2nd best:The incredible sense of accomplishment.Fact: The odds of being born are 400 trillion to 1. Fact: Only 0.3% of people born go on to write a book. Thus, if you’ve written a book, it’s a freaking MIRACLE. And if you’ve actually SOLD a few copies, well, now you’re just showing off.
2nd worst:The soul-crushing sense of failure.Fact: The odds of landing a literary agent after finishing your novel are 1 in 1000. Fact: Even if you land an agent and the agent lands you a book deal, the average traditionally published book sells only 250-300 copies in its first year. And if you go the indie-route, keep in mind the average self-published book sells only 250-300 copies over the course of its entire lifetime. Thus, if you’re a writer getting pummeled with rejection notifications or putting up dismal numbers in the sales column, well … nobody cares—such failure is the norm! The natural thing is to quit … but writers don’t know how.
The absolute best:The immortality.There’s nothing as fulfilling or as empowering as knowing this thing you’ve created using nothing but your drunken mind and fingertips is going to be around and tied directly to you forever, or at least until Amazon crashes beneath its own weight.

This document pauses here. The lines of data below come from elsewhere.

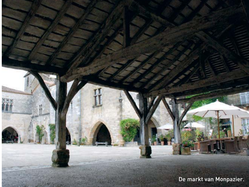
De markt van Monpazier.

mogelijk is met liefde, respect en goede wil. In 1957 zet ze er de eerste wereldconferentie tegen racisme op, zes jaar later zal ze in Washington naast Martin Luther King opstappen tegen racisme. Naar centen kijkt ze niet om, en ze moet enkele keren de draad van haar carrière weer opnemen om geld bijeen te sprokkelen voor het kasteel. In 1964 staat ze aan de rand van het bankroet, maar Brigitte Bardot trommelt enkele collega's op om haar te helpen. Dat lukt aanvankelijk wel maar het soelaas zal slechts van korte duur blijken, en vier jaar later wordt het domein aan een tiende van zijn prijs verkocht en staat Joséphine Baker op straat. Letterlijk. Het is het begin van het einde van een leven vol passie en menselijkheid dat in foto's, kostuums en ensceneringen te kijk staat.
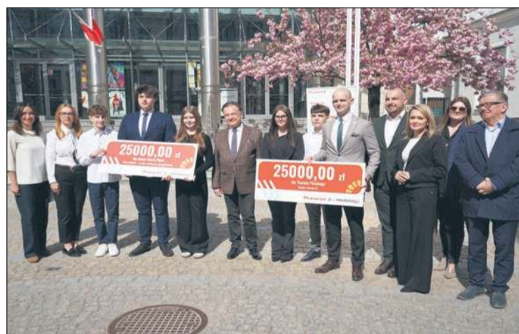
Są pieniądze na wsparcie działań Młodzieżowej Rady Powiatu Płockiego. Pozyskano je dzięki programowi „Mazowsze 2026”

Materiał przygotowany we współpracy ze Starostwem Powiatowym w Płocku
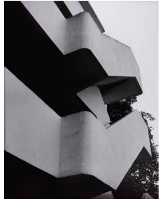
Grace Ndiritu, A Quest for Meaning: Painting as a Medium of Photography , 2014 Collectie FOMU / Collectie Vlaamse Gemeenschap BK/9433 © Grace Ndiritu 2023

aanwezig is in de omgeving. Dit werd vaak door vrouwen gedaan. Ursula K. Le Guin gaat in een artikel uit 1986 verder met deze theorie en legt verbanden met een vrouwelijke blik en een cyclische manier van denken: instinctief, associatief en relationeel.
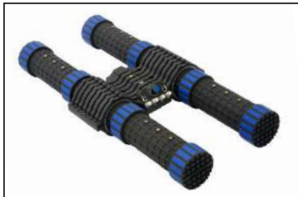
Antenas magnéticas (Página 10)
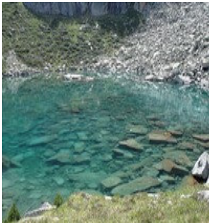
Pureté de l'eau du lac
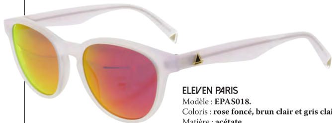
ELEVEN PARIS Modèle : EPAS018. Coloris : rose foncé, brun clair et gris clair. Matière : acétate. DISTRIBUTION : OPAL

DEMETZ Modèle : Glory. Coloris : blanc, gris, bleu et mauve. Matière : double écran en polycarbonate. DISTRIBUTION : DEMETZ OPTIQUE SPORT
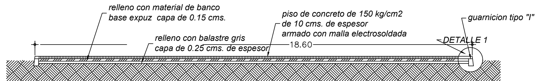
CORTE TRANSVERSAL PROYECTO DE PLAZA CIVICA
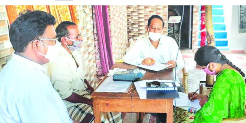
రేషన్ షాపును తనిఖీ చేస్తున్న దృశ్యం

గొలుగొండ : మండలంలో గుండుపాల పంచాయతీకి కొత్తూరు అప్పడు కూడా రేషన్ డిపో డీలర్లపై కేసు సమోదా చేశామని గ్రామం రేషన్ డిపోను గురువారం పౌరసరఫరాశాఖ అధికారులు తెలిపారు.
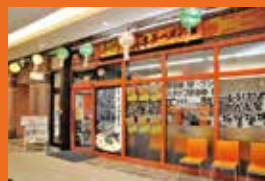
《博多中洲屋台 鈴木ラーメン店》 ボノ相模大野 サウスモール2F ボノ横丁
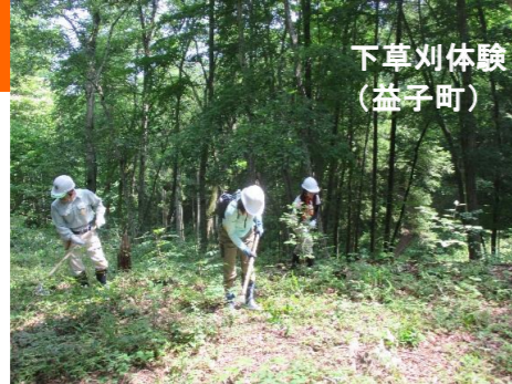
下草刈体験 (益子町)
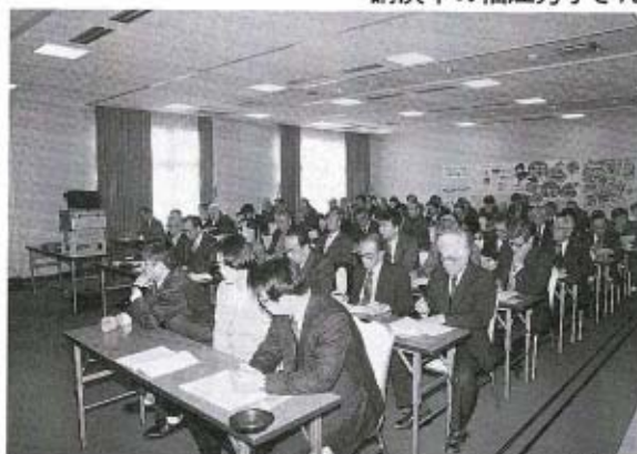
聴講する約80人の参加した皆さん

The absolute worst: The immortality.There’s nothing as debilitating or as humiliating as knowing the two major plot holes and five flagrant typos inside this thing you’ve created are going to be around and tied directly to you forever —even after Amazon crashes, as people LOVE to talk about the egregious mistakes of others for all eternity.
Speaking of egregious mistakes, surely I’ve missed some really great and some really horrible things about writing a novel. For those of you who’ve written one, feel free to share some of your worst and best things about it. For those of you who haven’t written one, just make some sh*t up—that’s all writers ever do.